What that frustration was about isn’t clear, and Sinarksi might be forgiven his discontent with some of the people of Jackson Hole, but he couldn’t get a pass for possessing alcohol and failing a breathalyzer test; he admitted he had been drinking beer since noon that day.
He was promptly booked in jailed.
Sinarski has careened into the law on many other occasions. In 2017, for instance, police said the Jackson resident was arrested about 16 times in the span of a year. Many of the arrests were for public intoxication. Sinarski’s prior scuffles with the law have become so notorious—and problematic—that it’s gotten him banned from many local businesses in Jackson Hole. Erratic behavior isn’t good for the state’s resort mecca.
It hasn’t been good for the jail, either. Prison guards say they are doing the best they can for Sinarski, sources said, while they wait for his mental health evaluation. Teton County Sheriff Matt Carr couldn’t be reached for comment.
And yet, what’s happening with Sinarski isn’t an isolated case. Last year, Dennis Gross, another frequenter behind bars, had spent over nine months in the Jackson jail after being arrested for allegedly lighting a fire and stopping firefighters from putting out the flames, according to police reports.
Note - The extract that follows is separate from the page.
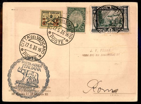 Vaticano - Volo circolare su Roma/Rom Rundfahrt 29 maggio 1933 - affrancatura mista Vaticano + Italia (Longhi 709 - Michel 303Ca) cartolina affrancata con il 3 lire Zeppelin

In another case, Riley Sills, a Teton County resident, was jailed for half a year before gaining admittance to the state hospital.
In Gross’ case, he had been diagnosed as bipolar with mania and episodes of psychosis, court records show. He was released from the Teton County Detention Center and hospitalized after the Wyoming Truth last year sought all the records in his case.
Trefonas, the public defender, represented Gross as well. As it turns out, the two men shared more than the same attorney. Gross and Sinarski have been drinking buddies and, given their frequent stints of incarceration, they’ve crossed paths in the Jackson jail.